After realising there were few major studies of family estrangement, he carried out a nationwide survey for his 2020 book Fault Lines: Fractured Families and How to Mend Them. The survey showed more than one in four Americans reported being estranged from another relative. Similar research for British estrangement charity Stand Alone suggests the phenomenon affects one in five families in the UK, while academic researchers and therapists in Australia and Canada also say they’re witnessing a “silent epidemic” of family break-ups.


On social media, there’s been a boom in online support groups for adult children who’ve chosen to be estranged, including one Scott is involved in, which has thousands of members. “Our numbers in the group have been rising steadily,” he says. “I think it’s becoming more and more common.” 


The fact that estrangement between parents and their adult children seems to be on the rise – or at least is increasingly discussed – seems to be down to a complex web of cultural and psychological factors. And the trend raises plenty of questions about its impact on both individuals and society.


Past experiences and present values

Although research is limited, most break-ups between a parent and a grown-up child tend to be initiated by the child, says Joshua Coleman, psychologist and author of The Rules of Estrangement: Why Adult Children Cut Ties and How to Heal the Conflict. One of the most common reasons for this is past or present abuse by the parent, whether emotional, verbal, physical or sexual. Divorce is another frequent influence, with consequences ranging from the adult child “taking sides”, to new people coming into the family such as stepsiblings or stepparents, which can fuel divisions over both “financial and emotional resources”. 
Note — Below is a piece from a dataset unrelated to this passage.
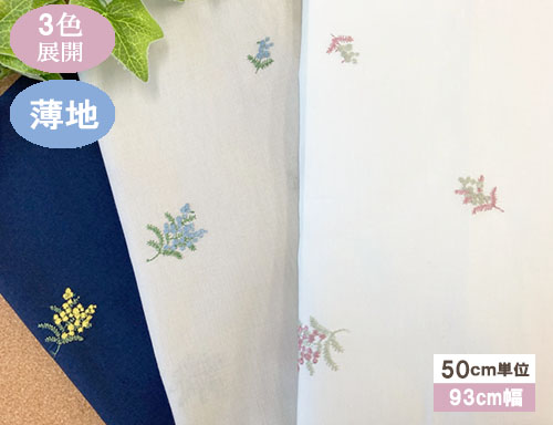 ミモザのモチーフのレース生地 刺繍生地 国産レース生地(3色)【1個93cmx50cm】5個までネコポス可能 KLM362

Clashes in values – as experienced by Scott and his parents – are also increasingly thought to play a role. A study published in October by Coleman and the University of Wisconsin, US, showed value-based disagreements were mentioned by more than one in three mothers of estranged children. Pillemer’s recent research has also highlighted value differences as a “major factor” in estrangements, with conflicts resulting from “issues such as same preference, religious differences, or adopting alternative lifestyles”.